--- START ---

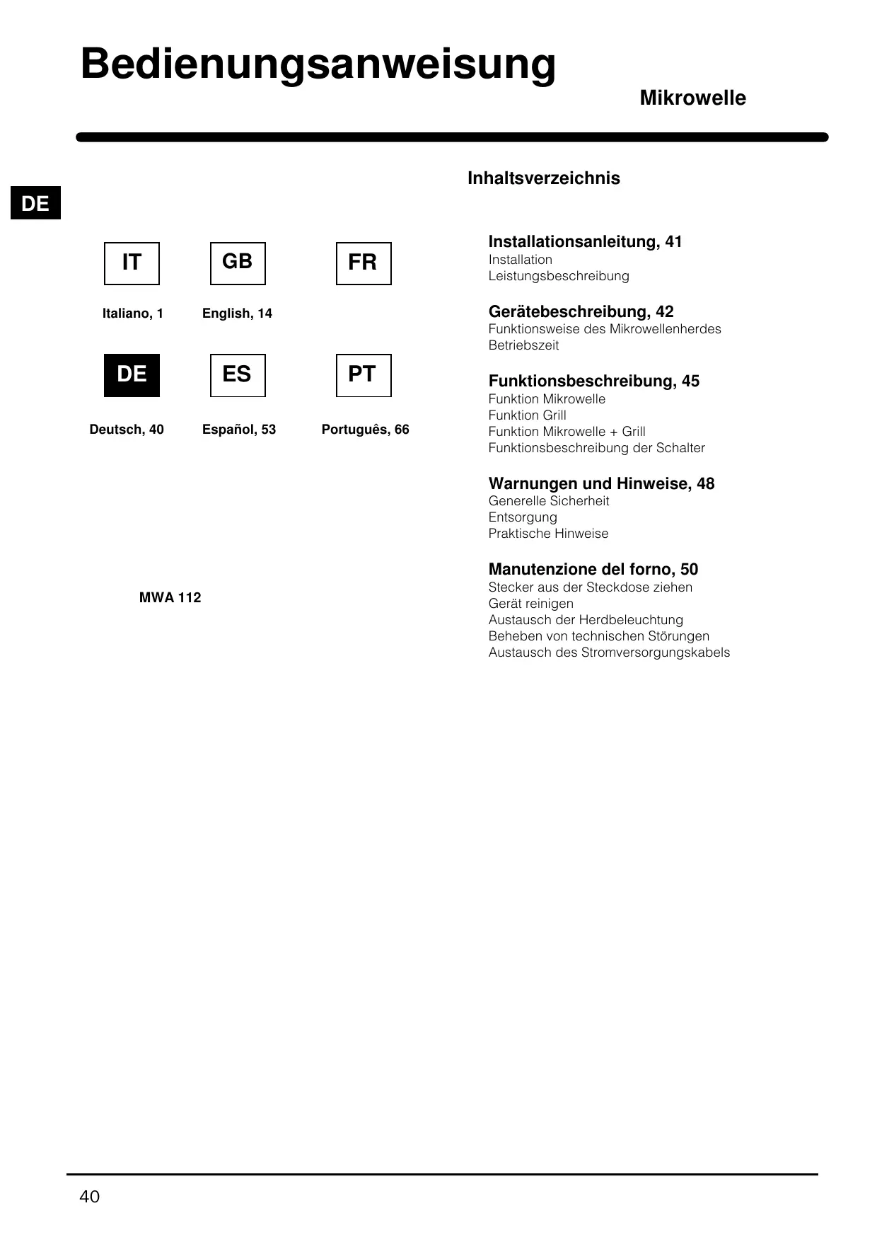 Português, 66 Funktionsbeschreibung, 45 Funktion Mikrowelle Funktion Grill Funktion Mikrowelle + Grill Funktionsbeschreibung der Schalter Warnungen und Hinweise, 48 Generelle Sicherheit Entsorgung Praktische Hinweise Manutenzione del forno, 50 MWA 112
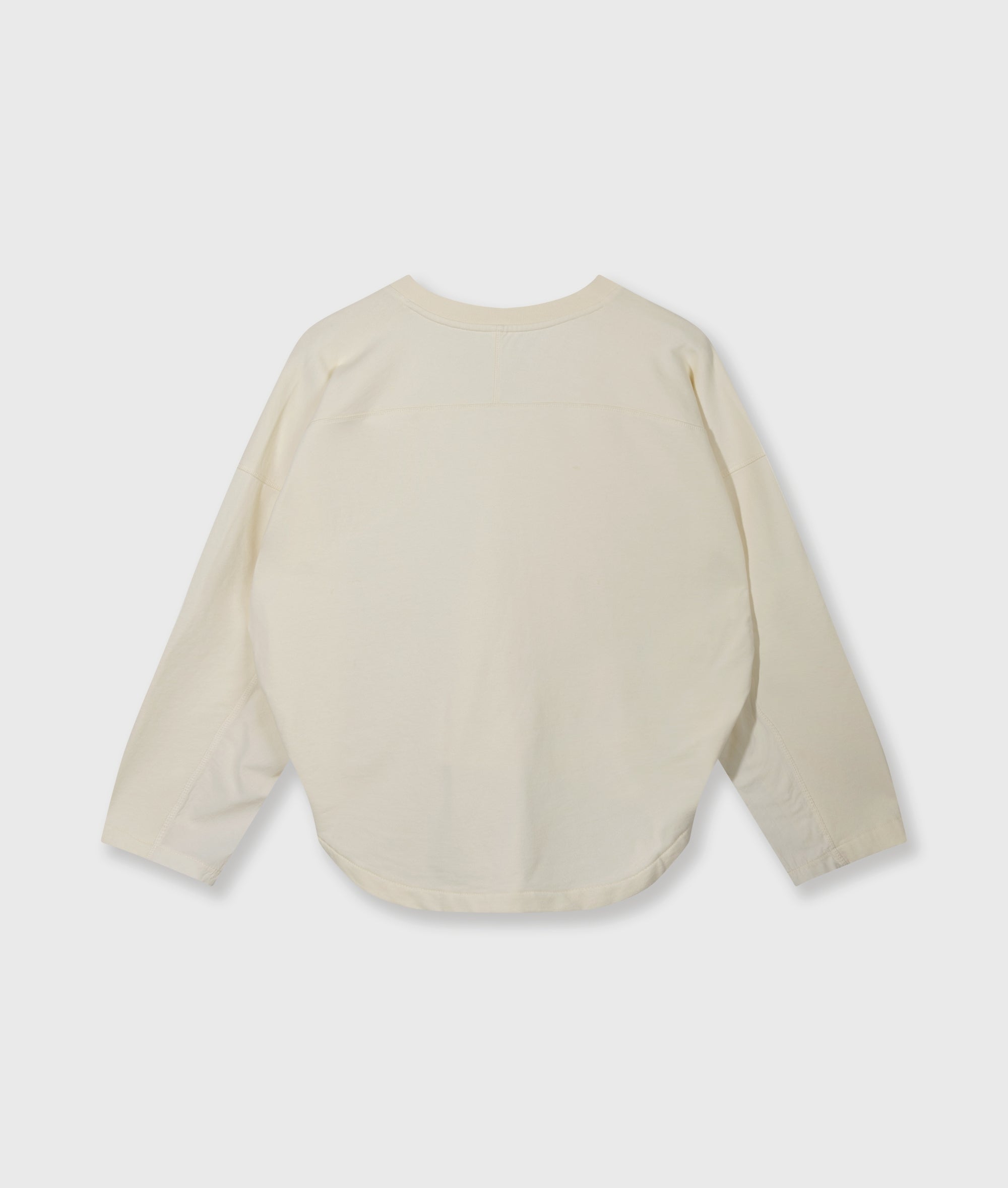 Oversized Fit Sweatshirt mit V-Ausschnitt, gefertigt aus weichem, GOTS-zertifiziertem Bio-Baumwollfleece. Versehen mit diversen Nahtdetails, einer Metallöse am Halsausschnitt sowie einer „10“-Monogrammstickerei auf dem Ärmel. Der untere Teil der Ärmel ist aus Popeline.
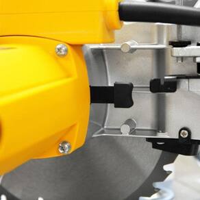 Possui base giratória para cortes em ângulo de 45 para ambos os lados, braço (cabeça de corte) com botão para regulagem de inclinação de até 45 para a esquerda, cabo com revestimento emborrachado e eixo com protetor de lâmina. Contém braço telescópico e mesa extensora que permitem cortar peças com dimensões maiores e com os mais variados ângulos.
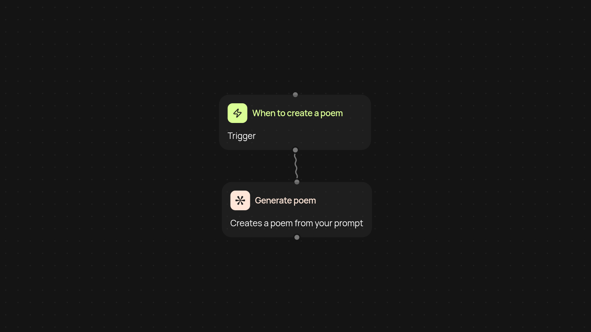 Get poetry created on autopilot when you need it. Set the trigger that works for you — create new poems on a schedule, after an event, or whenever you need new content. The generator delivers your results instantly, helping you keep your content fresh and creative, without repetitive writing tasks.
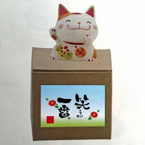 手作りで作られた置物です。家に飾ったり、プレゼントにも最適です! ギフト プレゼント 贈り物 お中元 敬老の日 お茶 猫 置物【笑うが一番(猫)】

--- END ---

Work item:
Output each entry verbatim; none of the pictures should be included.

Your response:
 Português, 66 Funktionsbeschreibung, 45 Funktion Mikrowelle Funktion Grill Funktion Mikrowelle + Grill Funktionsbeschreibung der Schalter Warnungen und Hinweise, 48 Generelle Sicherheit Entsorgung Praktische Hinweise Manutenzione del forno, 50 MWA 112
 Oversized Fit Sweatshirt mit V-Ausschnitt, gefertigt aus weichem, GOTS-zertifiziertem Bio-Baumwollfleece. Versehen mit diversen Nahtdetails, einer Metallöse am Halsausschnitt sowie einer „10“-Monogrammstickerei auf dem Ärmel. Der untere Teil der Ärmel ist aus Popeline.
 Possui base giratória para cortes em ângulo de 45 para ambos os lados, braço (cabeça de corte) com botão para regulagem de inclinação de até 45 para a esquerda, cabo com revestimento emborrachado e eixo com protetor de lâmina. Contém braço telescópico e mesa extensora que permitem cortar peças com dimensões maiores e com os mais variados ângulos.
 Get poetry created on autopilot when you need it. Set the trigger that works for you — create new poems on a schedule, after an event, or whenever you need new content. The generator delivers your results instantly, helping you keep your content fresh and creative, without repetitive writing tasks.
 手作りで作られた置物です。家に飾ったり、プレゼントにも最適です! ギフト プレゼント 贈り物 お中元 敬老の日 お茶 猫 置物【笑うが一番(猫)】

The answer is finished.